Coly Li <colyli@xxxxxxx> · Thu, 28 Jul 2022 18:55:04 +0800

> 2022年7月28日 17:01，Mariusz Tkaczyk <mariusz.tkaczyk@xxxxxxxxxxxxxxx> 写道：
> 
> On Thu, 28 Jul 2022 16:39:56 +0800
> Coly Li <colyli@xxxxxxx> wrote:
> 
>>> 2022年7月28日 15:55，Mariusz Tkaczyk <mariusz.tkaczyk@xxxxxxxxxxxxxxx>
>>> 写道：
>>> 
>>> On Tue, 15 Feb 2022 21:34:15 +0800
>>> Coly Li <colyli@xxxxxxx> wrote:
>>> 
>>>> For mdadm's systemd configuration, current systemd KillMode is "none" in
>>>> following service files,
>>>> - mdadm-grow-continue@.service
>>>> - mdmon@.service
>>>> 
>>>> This "none" mode is strongly againsted by systemd developers (see man 5
>>>> systemd.kill for "KillMode=" section), and is considering to remove in
>>>> future systemd version.
>>>> 
>>>> As systemd developer explained in disuccsion, the systemd kill process
>>>> is,
>>>> 1. send the signal specified by KillSignal= to the list of processes (if
>>>> any), TERM is the default
>>>> 2. wait until either the target of process(es) exit or a timeout expires
>>>> 3. if the timeout expires send the signal specified by FinalKillSignal=,
>>>> KILL is the default
>>>> 
>>>> For "control-group", all remaining processes will receive the SIGTERM
>>>> signal (by default) and if there are still processes after a period f
>>>> time, they will get the SIGKILL signal.
>>>> 
>>>> For "mixed", only the main process will receive the SIGTERM signal, and
>>>> if there are still processes after a period of time, all remaining
>>>> processes (including the main one) will receive the SIGKILL signal.
>>>> 
>>>> From the above comment, currently KillMode=control-group is a proper
>>>> kill mode. Since control-gropu is the default kill mode, the fix can be
>>>> simply removing KillMode=none line from the service file, then the
>>>> default mode will take effect.  
>>> 
>>> Hi All,
>>> We are experiencing issues with IMSM metadata on RHEL8.7 and 9.1 (the patch
>>> was picked by Redhat). There are several issues which results in hang task,
>>> characteristic to missing mdmon:
>>> 
>>> [ 619.521440] task:umount state:D stack: 0 pid: 6285 ppid: flags:0x00004084
>>> [ 619.534033] Call Trace:
>>> [ 619.539980] __schedule+0x2d1/0x830
>>> [ 619.547056] ? finish_wait+0x80/0x80
>>> [ 619.554261] schedule+0x35/0xa0
>>> [ 619.560999] md_write_start+0x14b/0x220
>>> [ 619.568492] ? finish_wait+0x80/0x80
>>> [ 619.575649] raid1_make_request+0x3c/0x90 [raid1]
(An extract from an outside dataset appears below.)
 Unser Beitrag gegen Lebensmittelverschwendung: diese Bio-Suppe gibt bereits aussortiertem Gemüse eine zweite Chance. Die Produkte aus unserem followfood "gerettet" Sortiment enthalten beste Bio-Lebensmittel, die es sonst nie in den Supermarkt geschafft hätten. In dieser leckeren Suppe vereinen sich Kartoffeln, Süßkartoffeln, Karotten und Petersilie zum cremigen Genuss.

>>> [ 619.584111] md_handle_request+0x128/0x1b0
>>> [ 619.591891] md_make_request+0x5b/0xb0
>>> [ 619.599235] generic_make_request_no_check+0x202/0x330
>>> [ 619.608185] submit_bio+0x3c/0x160
>>> [ 619.615161] ? bio_add_page+0x42/0x50
>>> [ 619.622413] submit_bh_wbc+0x16a/0x190
>>> [ 619.629713] jbd2_write_superblock+0xf4/0x210 [jbd2]
>>> [ 619.638340] jbd2_journal_update_sb_log_tail+0x65/0xc0 [jbd2]
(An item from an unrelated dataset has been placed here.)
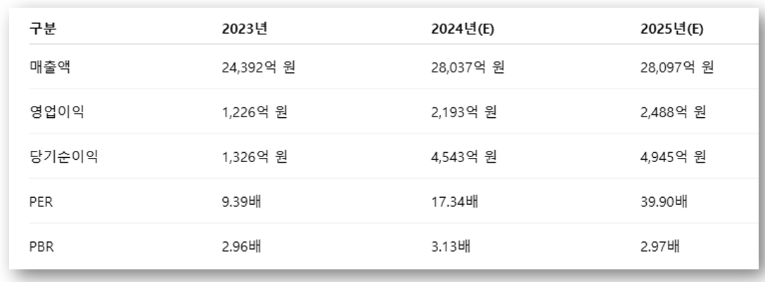 ※ 2024년 실적은 PER 17배 수준으로 저평가 구간으로 평가됨.

>>> [ 619.647773] __jbd2_update_log_tail+0x3f/0x100 [jbd2]
>>> [ 619.656374] jbd2_cleanup_journal_tail+0x50/0x90 [jbd2]
>>> [ 619.665107] jbd2_log_do_checkpoint+0xfa/0x400 [jbd2]
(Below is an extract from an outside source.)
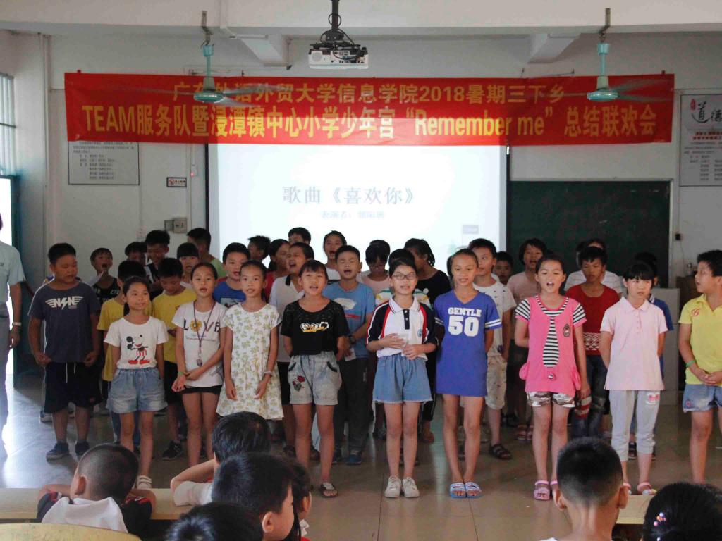 本网讯 7月19日,广东外语外贸大学信息科学与技术学院(以下简称“广外信息学院”)TEAM服务队在来到清远市清新区浸潭镇中心小学的第十天举办了“Remember me”总结联欢会(以下简称“总结联欢会”),本次总结联欢会的目的是向小学生们以及本次三下乡活动做一个正式的道别。出席此次总结联欢会的为广外信息学院TEAM服务队全体队员。

>>> [ 619.673572] ? prepare_to_wait_event+0xa0/0x180
>>> [ 619.681344] jbd2_journal_destroy+0x120/0x2a0 [jbd2]
>>> [ 619.689551] ? finish_wait+0x80/0x80
>>> [ 619.696096] ext4_put_super+0x76/0x390 [ext4]
>>> [ 619.703584] generic_shutdown_super+0x6c/0x100
>>> [ 619.711065] kill_block_super+0x21/0x50
>>> [ 619.717809] deactivate_locked_super+0x34/0x70
>>> [ 619.725146] cleanup_mnt+0x3b/0x70
>>> [ 619.731279] task_work_run+0x8a/0xb0
>>> [ 619.737576] exit_to_usermode_loop+0xeb/0xf0
>>> [ 619.744657] do_syscall_64+0x198/0x1a0
>>> [ 619.751155] entry_SYSCALL_64_after_hwframe+0x65/0xca
>>> 
>>> It can be reproduced by mounting LVM created on IMSM RAID1 array and then
>>> reboot. I verified that reverting the patch fixes the issue.
>>> 
>>> I understand that from systemd perspective the behavior in not wanted, but
>>> this is exactly what we need, to have working mdmon process even if systemd
>>> was stopped. KillMode=none does the job.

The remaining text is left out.